В этом кабинете, кроме нескольких человек, работавших на фестивале, и моего встрепанного друга, находились, если память мне не изменяет, Дэррил Занук, Жюльетт Греко и еще один импресарио, который, едва первые эмоции улеглись, а дружески предложенное виски было выпито, пригласил нас поужинать всей компанией в ресторане «Бон Оберж». Лично меня он мог бы с таким же успехом пригласить поужинать в Вальпараисо или Лилле – с того момента, как появился Уэллс, мне ничего другого не хотелось, как покорно следовать за ним. Одно его присутствие сразу вернуло мне почти утраченные было иллюзии по части мужчин. Он был огромный, просто колоссальный, смеялся громоподобным смехом и, блуждая заинтересованным и в то же время рассеянным взглядом своих желтых глаз, рассматривал знаменитую набережную, разряженную толпу и роскошные яхты.

* * *

…В последующие годы я столько раз рассказывала этот красивый эпизод, в конце концов я и сама уже засомневалась в его достоверности. Память каждого человека избирательна, она сортирует события, сохраняя счастливые и вычеркивая горькие мгновения (или же наоборот), порой подключая воображение. Много лет спустя я снова увидела Уэллса в Париже, в Люксембургском саду, куда он пришел за мной, чтобы повести обедать… Опасаясь, что меня якобы переедут, он перенес меня через все улицы, держа под мышкой, словно тюк с бельем (при этом мои голова и ноги болтались, как у куклы, а сама я вопила и чертыхалась). Только тогда я смогла наконец поверить в доподлинность тех первых своих воспоминаний… Но это уже другая история.
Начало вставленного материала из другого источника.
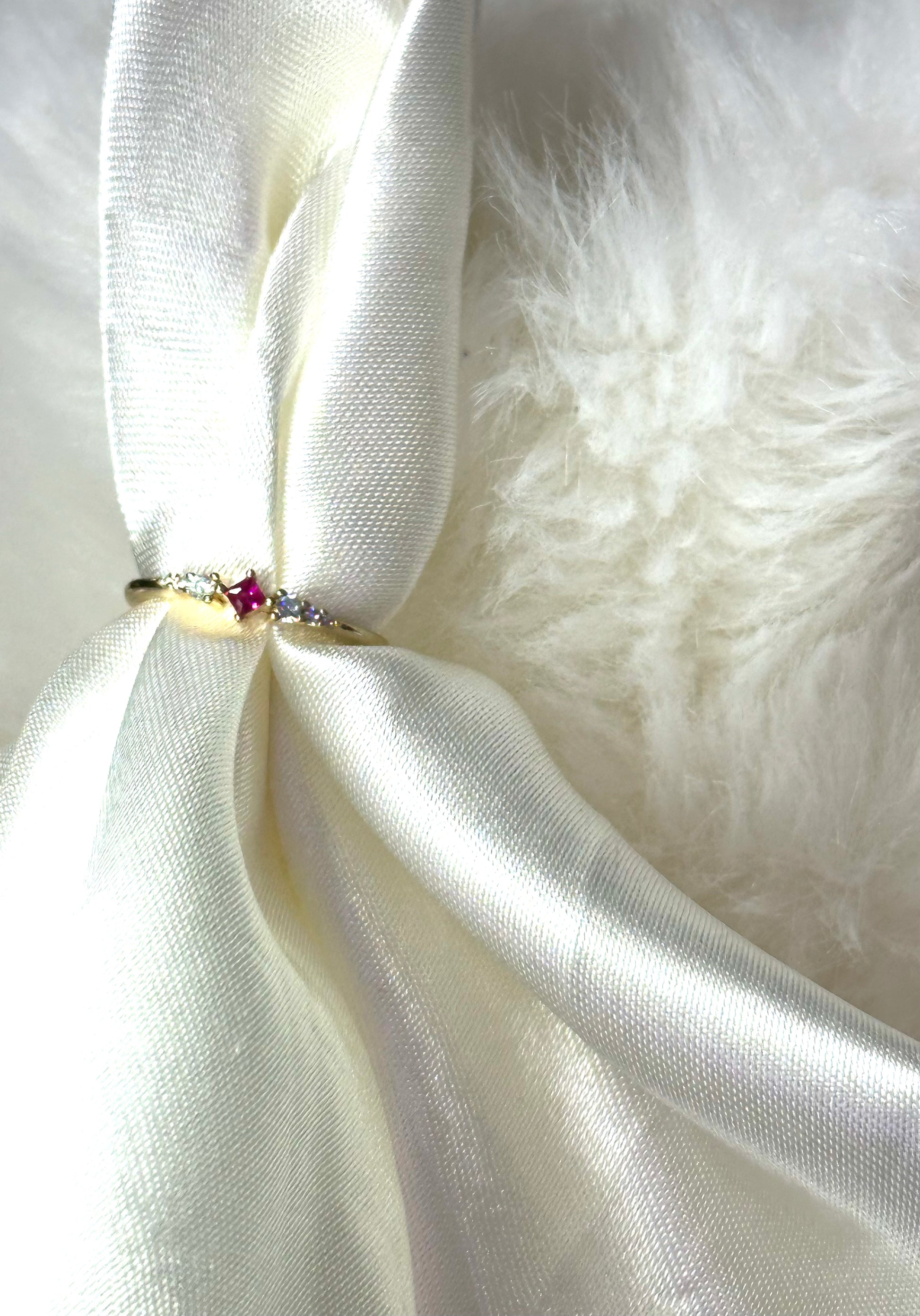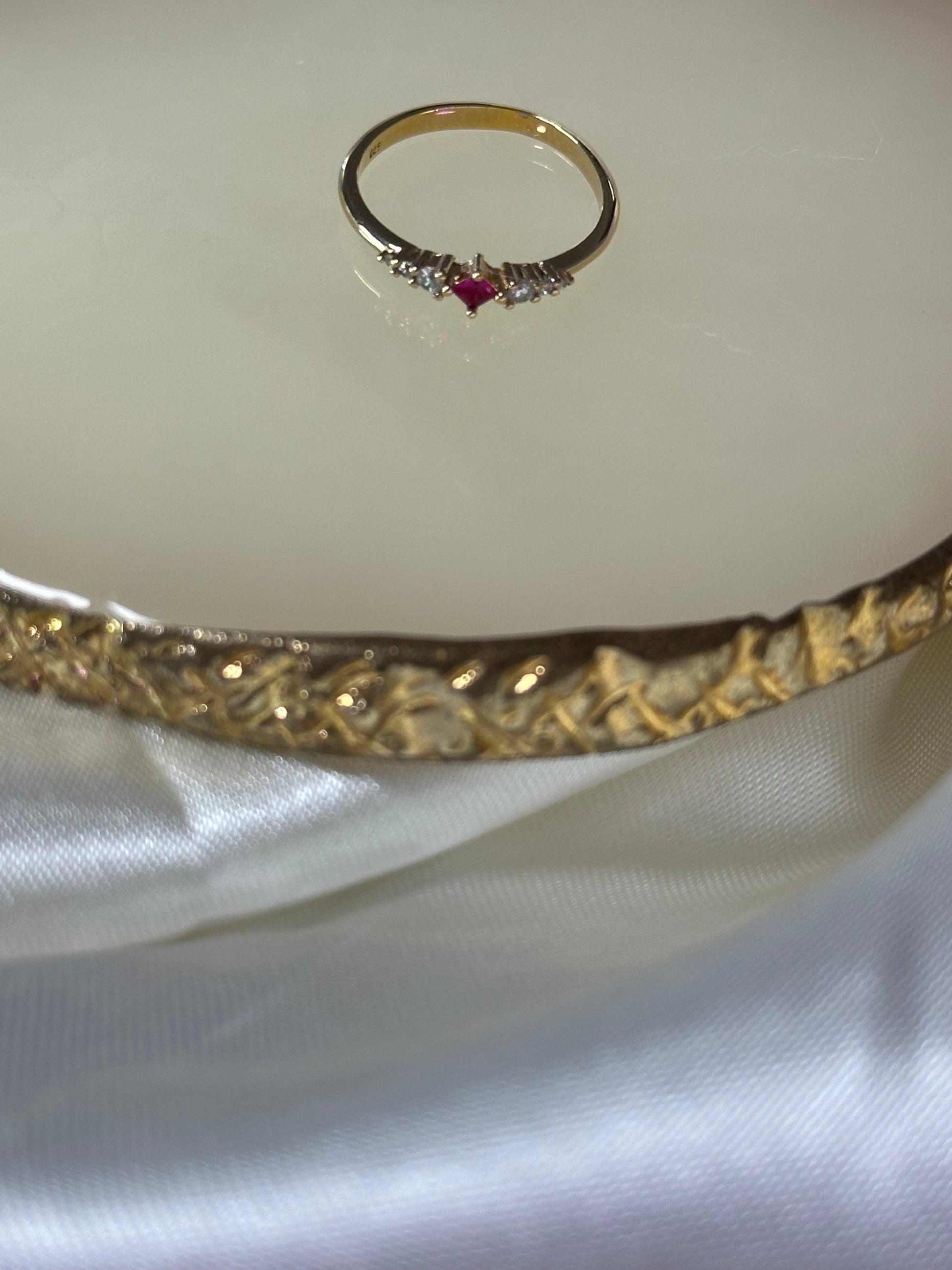 טבעת כסף 925 מצופה זהב ובמרכזה אבן רובי קטנה

Так вот, в Канне, в тот плохо поддающийся датировке год – тогда Уэллс представлял на фестивале свой фильм «Печать зла», – в тот вечер мы все действительно пошли ужинать в «Бон Оберж». У Дэррила Занука в то время была большая любовь, Греко отличалась большим чувством юмора, а сам Уэллс страдал от большого количества долгов. Съемки его последнего фильма были прерваны в самом разгаре за отсутствием денег, и теплилась слабая надежда, что этот ужин убедит Занука – уже тогда одного из богатейших продюсеров Голливуда – уладить дело. Где-то с полчаса ужин проходил довольно безмятежно: перед нашими глазами шел балет из закусок, которыми славился этот ресторан, а мы комментировали на смеси французского с английским события дня. Все смеялись, шутили. И тут разговор закономерно свернул к теме кино вообще, потом к производству, потом к роли продюсера в кино и вдруг целиком перешел на английский, причем все более и более стремительный. Признаюсь, я особо не вслушивалась, пока чуть не ткнулась носом в тарелку от сильного хлопка по спине. Это была ладонь соседа слева – Орсона. «You and I, – сказал он, – мы с вами – художники, и у нас нет ничего общего с этой бандой денежных воротил или никчемных мошенников. Их надо избегать, как чумы, они посредники, они…» Последовали оскорбления, точного смысла которых я не уловила, но они прозвучали достаточно веско, поскольку Занук, вынув изо рта сигару и побелев, встал. Уэллс ушел одновременно с нами, не доев десерт, а его фильм так и остался незаконченным. Мне было горько за фильм и в то же время радостно за Орсона. Я восхищалась им, жизнью, искусством, «художниками», как говорил он, нелицеприятной правдой, величием – всем, что продолжает меня восхищать и по сей день.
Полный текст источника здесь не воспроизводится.